Thank you to all those who participated in last weeks post about hiding behind weight. As suggests were made as to the logic behind my choice, I realized they all played a part, so here they are:

1. Weight as a shield. It creates a physical barrier.

My sister is exploring boundaries over at her blog, We Are One, and the one she tackled first was skin. Fat is an extension of that boundary. Fat is frowned upon by society and even more so by perfectionists. Fat isn’t a simple shield but an invisibility cloak. No one looks at you, so they leave you alone. At last.

2. Weight as rebellion.

I never smoked or drank or did drugs or much of anything else. I was too busy trying to be invisible. Those who haven’t found themselves in such a position have no idea how much work it is. Food became one aspect over which I had control.

3. Weight is the new whip I use on myself. I’m fat. I’m bad.
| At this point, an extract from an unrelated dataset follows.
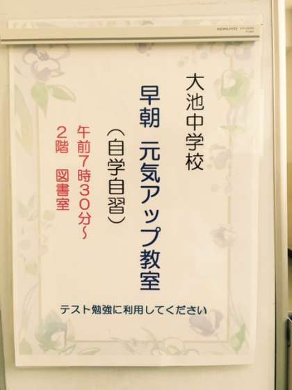 元気アップ学習会 公開日 2015/05/20 更新日 2015/05/20 お知らせ 中間試験1週間前の19日より、元気アップ地域本部事業で「早朝元気アップ教室」が本校の2階図書室で開かれています。覗いて見るとたくさんの3年生女子が真剣に勉強に取り組んでいました。20日の今日も覗きましたが、なぜか女子ばかり、「男子はどうなってんねん!!」と思わず叫んでしましました。明日に期待しています。とにもかくにも、大池中よく頑張っています。 がんばれ大池中男子! いいね(0)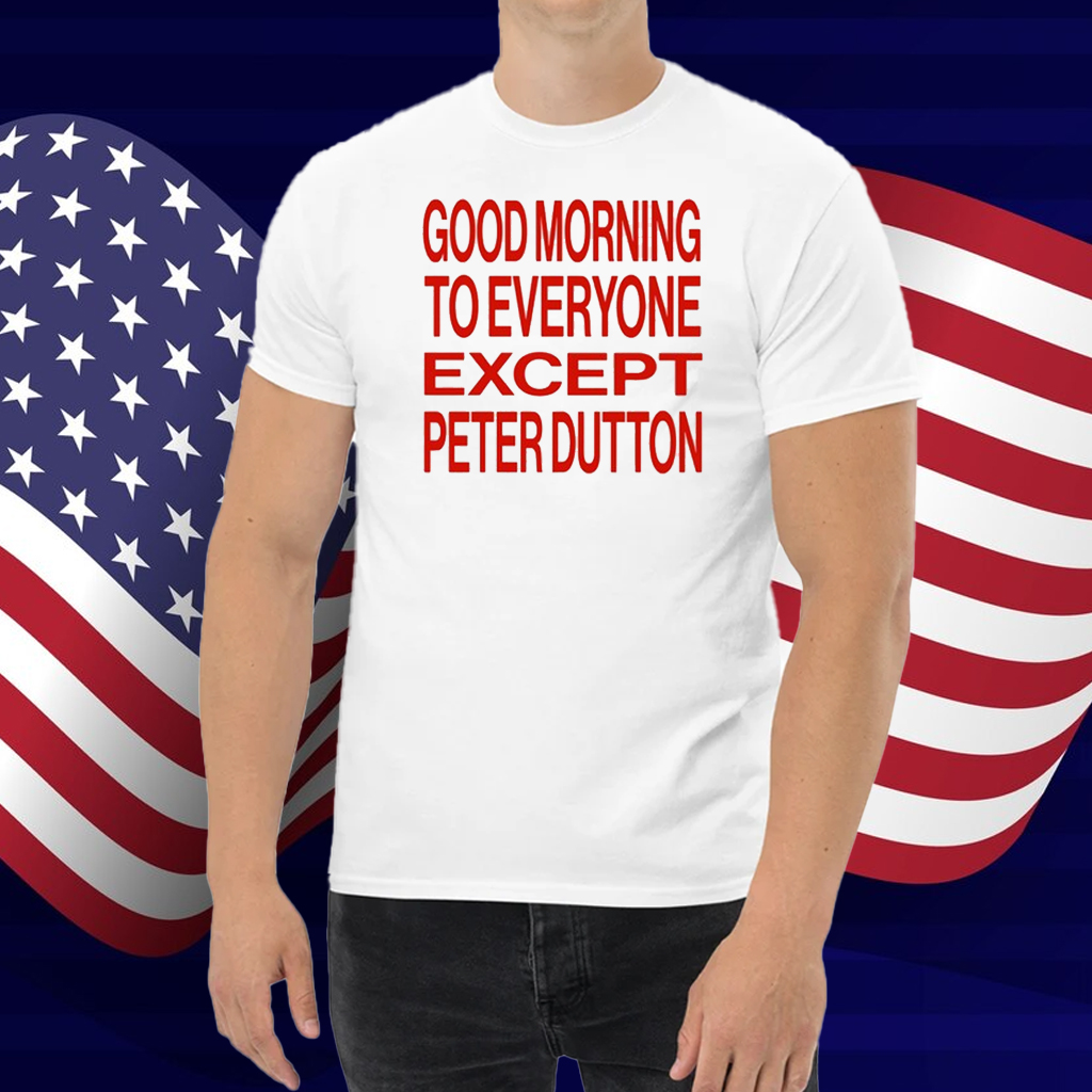 Start your day with a dash of humor and bold commentary with the Good Morning To Everyone Except Peter Dutton Shirt! Featuring a witty statement in clean, eye-catching typography, this shirt is perfect for anyone who loves to make a statement with their style.

Society echoes what I’ve been taught all my life. If I’m going to be punished for things I can’t control, then I’m going to make it worthwhile by doing something. Eating badly is as good a crime as any of the other insane things for which I was punished.

Fine. I get it. Now what?

I’ve thought a lot about this and yet I haven’t. I’ve never approached it quite this way before.

Debunking my reasons.

1. Weight as a shield.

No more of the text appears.